— DATA EXTRACT —
****************************************
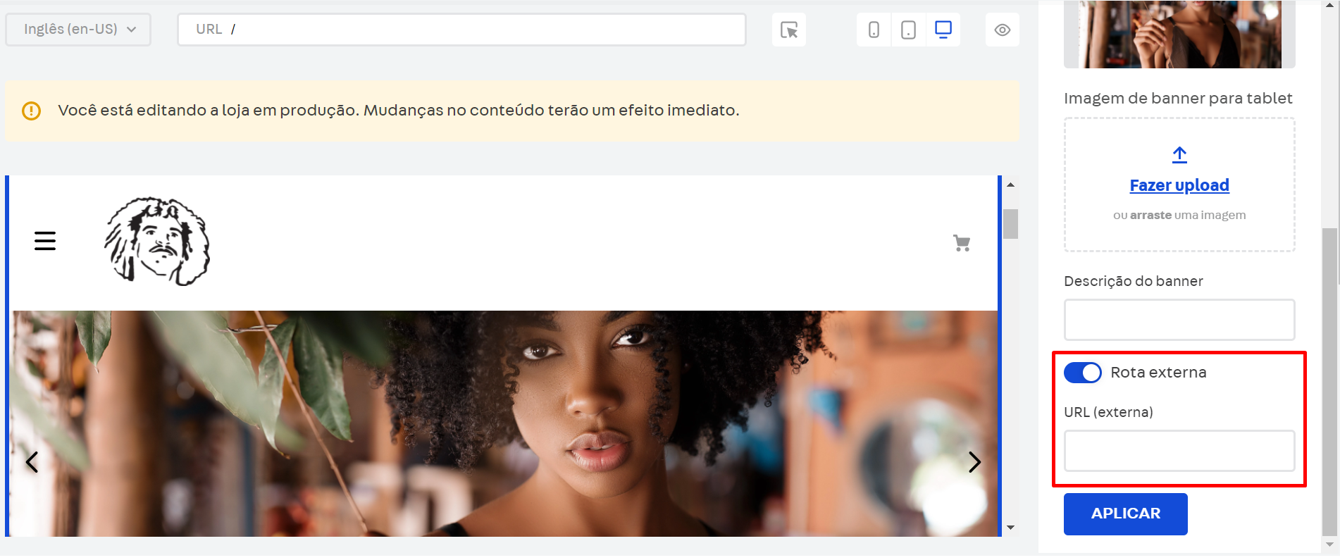 Você pode configurar um dos banners de sua loja para um redirecionamento de página, ou seja, levar os usuários a qualquer página de sua escolha. Para configurar isso usando o Site Editor, vincule o banner a qualquer URL interna ou externa seguindo as etapas abaixo.
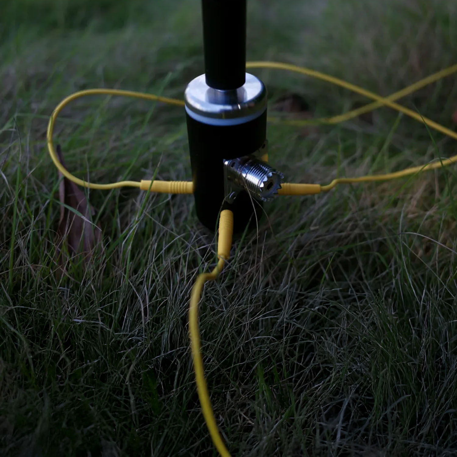 Die MC-750 ist auf schnellen Auf- und Abbau ausgelegt: Antennenfuß platzieren, Strahler aufsetzen, Radials anschließen – und schon ist man QRV. Alle Strahler sind deutlich markiert, sodass keine Messmittel zur Abstimmung benötigt werden. Eine zusätzliche Abspannung ist nicht erforderlich.
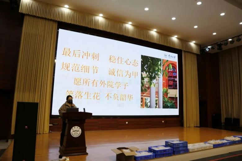 动员会最后,学院为同学们分发了慰问食品,送上温暖祝福。让我们一起祝愿各位大四考研学子,超常发挥,一战上岸!
****************************************
— PROBLEM DESCRIPTION —
Copy exactly, and only, the lines running from the one containing "Die MC-750 ist" through the final line of the data, and omit the pictures.

— OUTPUT OF THE EXERCISE —
 Die MC-750 ist auf schnellen Auf- und Abbau ausgelegt: Antennenfuß platzieren, Strahler aufsetzen, Radials anschließen – und schon ist man QRV. Alle Strahler sind deutlich markiert, sodass keine Messmittel zur Abstimmung benötigt werden. Eine zusätzliche Abspannung ist nicht erforderlich.
 动员会最后,学院为同学们分发了慰问食品,送上温暖祝福。让我们一起祝愿各位大四考研学子,超常发挥,一战上岸!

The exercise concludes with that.